Образ замерзающей гортани у Бродского ассоциируется с болью (как и в «Пророке» Пушкина), но также и с самоубийством, с перерезанным горлом — по-видимому, под воздействием строки Владимира Маяковского «горло бредит бритвою» (поэма «Человек»)[383]. Так, в стихотворении «В окрестностях Александрии» (1982) разрезанное горло — метафора реки: «Помесь лезвия и сырой гортани, не произнося ни звука, / речная поблескивает излука, / подернутая ледяной корою» (III; 57). Образ перегрызаемого горла содержится в стихотворении «Дни расплетают тряпочку, сотканную Тобою» (1980): «простая лиса, перегрызая горло, / не разбирает, где кровь, где тенор» (III; 20) и в подтексте поэмы «Зофья» (1962) (III; 183): «Что будет поразительней для глаз, / чем чувства, настигающие нас / с намереньем до горла нас достать?» (I; 183). Эти строки восходят также к пастернаковскому образу «строчки <…> / Нахлынут горлом и убьют» («О, знал бы я, что так бывает…»)[384].

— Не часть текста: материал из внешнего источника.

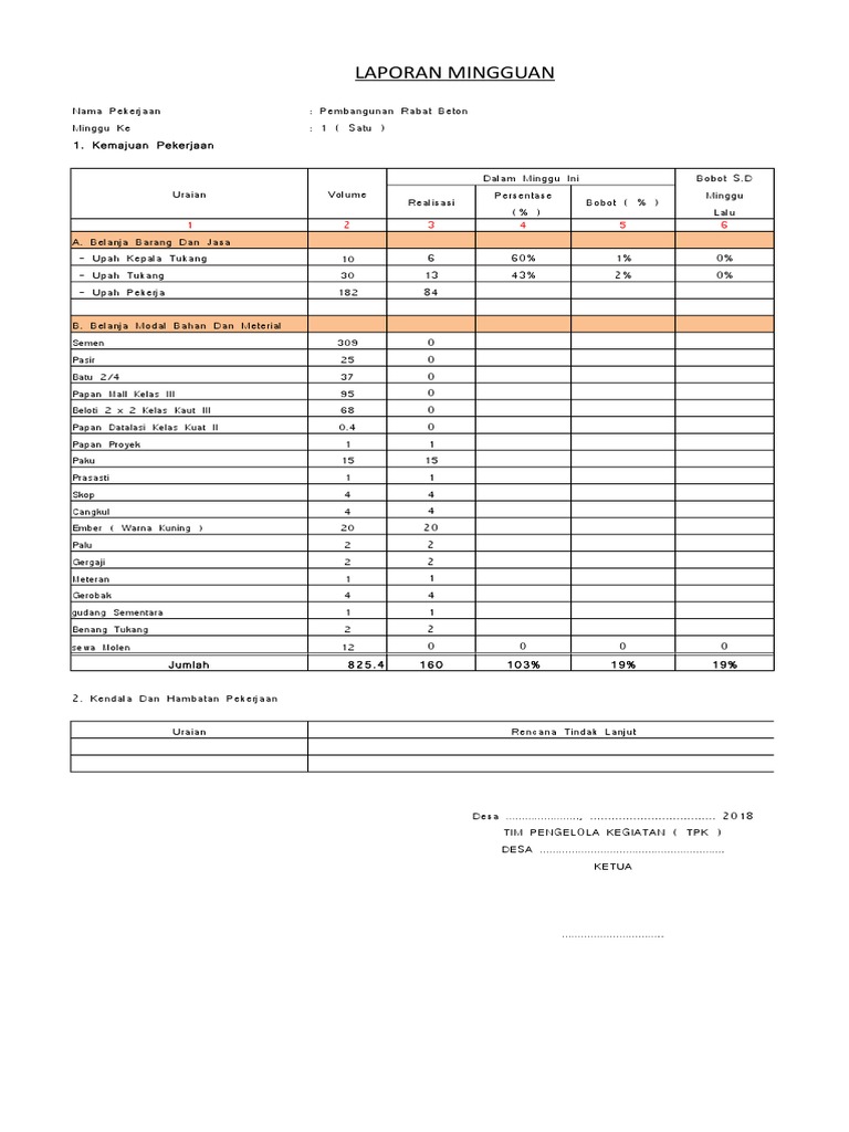 Tulisan ini seputar cara membuat laporan pertanggung jawaban penggunaan dana desa. Hakekatnya adalah laporan bendahara desa dan tim pelaksanan kegiatan dana desa dalam melaksanakan kegiatan yang berhubungan dengan anggaran desa sesuai apbdesa. Padahal jika kita membaca secara rinci di dalam permendagri nomor 20 tahun 2018 tentang pengelolaan keuangan desa. Berikut contoh format surat pertanggung jawaban spj pembangunan yang harus dilampirkan dan bisa langsung didownload. Salam dari desa dari admin formatadministrasidesa sk tpk sk tpk 2019 contoh sk tpk desa contoh sk tpk sk tpk desa 2019 sk tpk desa pdf download sk tpk terbaru sk tim pengelola kegiatan tpk sk tim pengelola kegiatan dana desa contoh sk kepala desa tentang tim pengelola kegiatan sk tim pengadaan barang dan jasa desa sk tim pelaksana. Foto kegiatan infrastruktur desa mulai dari 0 40 dan 100 yang dari sudut pengambilan yang sama.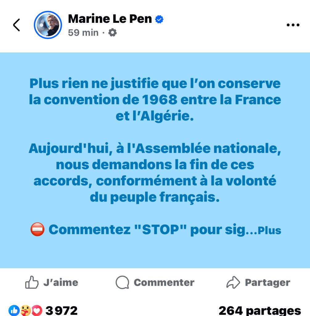 دعت زعيمة حزب التجمع الوطني الفرنسي مارين لوبان البرلمان الفرنسي إلى وقف العمل بجميع الاتفاقيات الموقعة مع النظام الجزائري وفي مقدمتها اتفاقية عام 1968 التي تنظم العلاقات بين البلدين في عدد من المجالات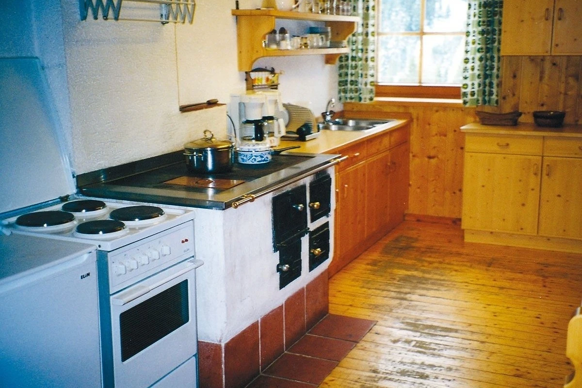 Voll ausgestattete Küche mit Elektroherd, Backofen, Holzherd, Geschirrspüler, Kaffeemaschine, Kühl- & Gefrierschrank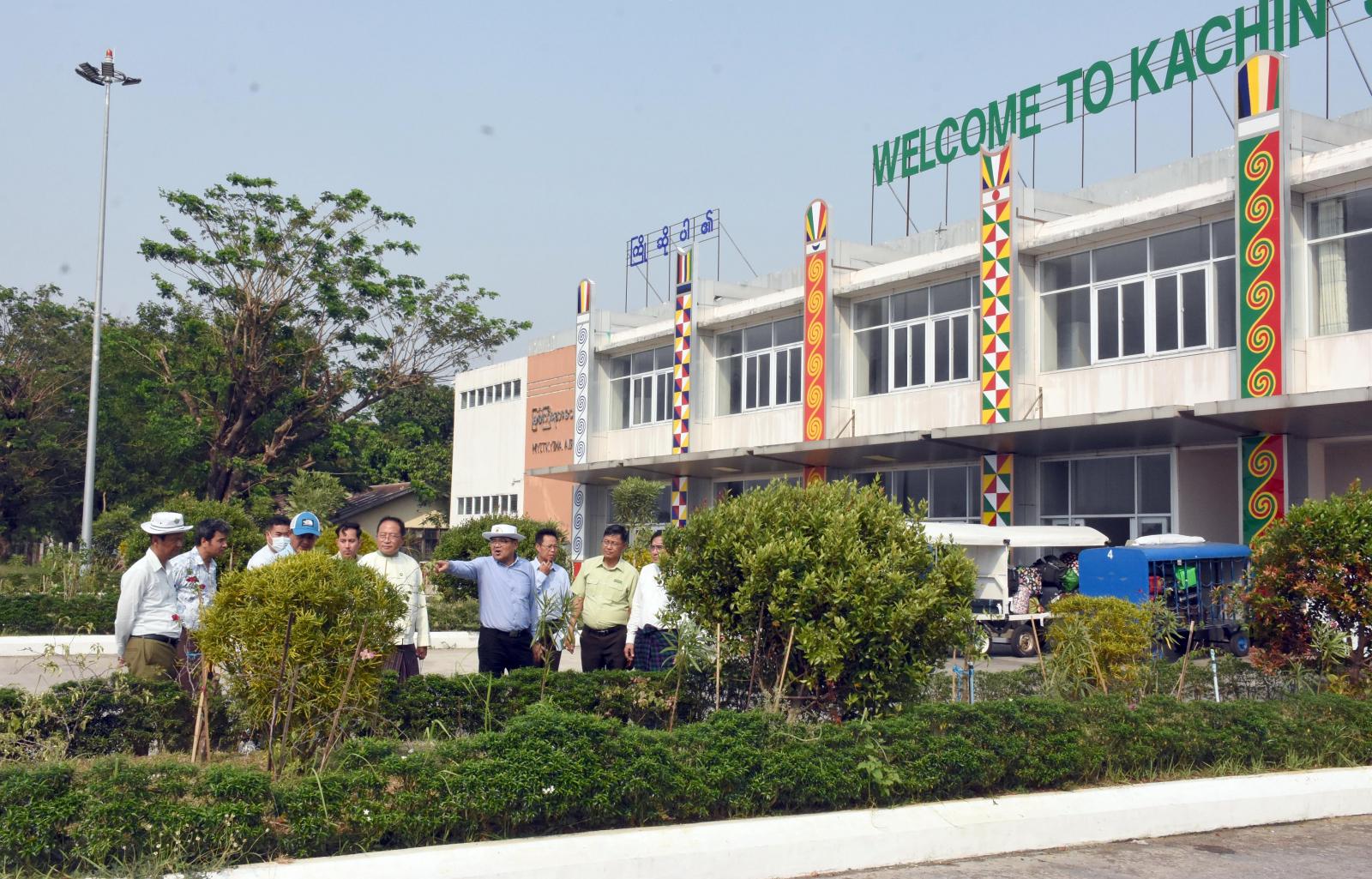 ထို့နောက် ပြည်နယ်ဝန်ကြီးချုပ်သည် မြစ်ကြီးနားလေဆိပ်ရှေ့ မလိခပန်းခြံငယ်အတွင်း စက္ကူပန်းခြံများဖြင့် လှပနေစေရေး စိုက်ပျိုးဆောင်ရွက်ထားရှိမှုနှင့် လေဆိပ်ဝင်းအတွင်း အရိပ်ရအပင်များ၊ နွယ်သာဂီ၊ စက္ကူပန်းပင်များ စိုက်ပျိုးဆောင်ရွက်ထားရှိမှု အခြေအနေများကို ကြည့်ရှုစစ်ဆေးပြီး လေဆိပ်အဝင် လမ်းဘေး ဝဲ/ယာများနှင့် မြေလွတ်ကျယ်သည့်နေရာများတွင် အလားတူ စက္ကူပန်းပင်များ တိုးချဲ့စိုက်ပျိုး၍ မြေယာပြုပြင်ဆောင်ရွက်ခြင်းများကို စဉ်ဆက်မပြတ် ထိန်းသိမ်းစိုက်ပျိုးနိုင်ရေး တာဝန်ရှိသူများအား မှာကြားခဲ့သည်။

Слово («глагол») в «Разговоре с небожителем», в отличие от «глагола» в пушкинском «Пророке», наделено вещественными, материальными признаками: «глаголом» можно касаться «места». Овеществление слова, приравнивание смысла к означаемому — инвариантный мотив поэзии Бродского[385]. В «Разговоре с небожителем» этот прием приобретает дополнительный смысл испытания существования Бога сомневающимся человеком. Лирический герой не может коснуться «глаголом» «никого вокруг». Эти слова отнесены к людям, но для героя стихотворения невозможна и встреча с Богом[386]. Тактильная метафора «глаголом коснуться» приобретает дополнительный смысл, указывая на евангельский эпизод уверения апостола Фомы, который, чтобы убедиться в воскресении Христа, вложил персты в его раны[387].

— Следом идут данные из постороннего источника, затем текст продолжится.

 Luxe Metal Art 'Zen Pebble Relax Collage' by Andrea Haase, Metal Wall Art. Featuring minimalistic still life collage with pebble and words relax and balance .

Уподобление изрекаемого слова — «глагола» прикосновению Фомы (точнее, невозможности такого прикосновения) содержится также в «Литовском ноктюрне» (1973[74?] — 1983)[388]: «чтоб вложить пальцы в рот — в эту рану Фомы — / и, нащупав язык, на манер серафима / переправить глагол» (II; 325). По словам Т. Венцлова, «алкоголизм — <…> одна из сквозных тем „Литовского ноктюрна“. Она проводится в юмористически-кощунственном ключе. Религиозные мотивы (рана, в которую вложил персты небесный покровитель адресата [т. е. самого Томаса Венцлова, к которому обращено стихотворение. — А.Р.], апостол Фома <…>), преломленные в культурных контекстах (<…> „Пророк“ Пушкина), преподносятся — как часто бывает у Бродского — шокирующим образом»[389]. Действительно, жест, описанный в стихотворении, соотносит изрекаемое слово с насильственно вызванной рвотой. Замена этими строками пушкинских стихов о серафиме основана на фонетическом тождестве слова «вырвать» — «выдрать», «извлечь резким движением» и «вырвать» — «стошнить». Серафим в пушкинском стихотворении «вырвал грешный <…> язык» герою, призванному к пророческому служению, вложив «жало мудрыя змеи в уста замершие». Бродский подразумевает рвоту. Но ключевое слово «вырвать» в этой словесной игре, в кощунственном переиначивании библейского образа из пушкинского «Пророка» Бродский оставляет в подтексте. Оно должно быть разыскано и воссоздано читателем. На него указывает близкое по звуковому облику слово «рот». Оно ассоциируется, в отличие от церковнославянизма «уста» в пушкинском «Пророке», не с духовной, но с физической природой человека. Подобного рода словесная игра — отличительная черта поэтики автора «Разговора с небожителем» и «Литовского ноктюрна».

В стихотворении Пушкина так же, как и в «Литовском ноктюрне», преображение героя серафимом — почти физически ощутимое мучение. Но телесное подчинено духовному. Вот как об этом пишет В. Э. Вацуро:

«Поэтическая тема страдания зиждется на точных, конкретно-чувственных зрительных деталях. „Кровавая десница“ серафима — это уже не бесплотная рука с „легкими, как сон“, перстами. Замершие уста — лишенные языка, речи и обездвиженные жестокой болью. Трепетное сердце — трепещущее, еще живое; отверстая грудь — разрубленная мечом… Картина, если представить ее зрительно, будет почти отталкивающей.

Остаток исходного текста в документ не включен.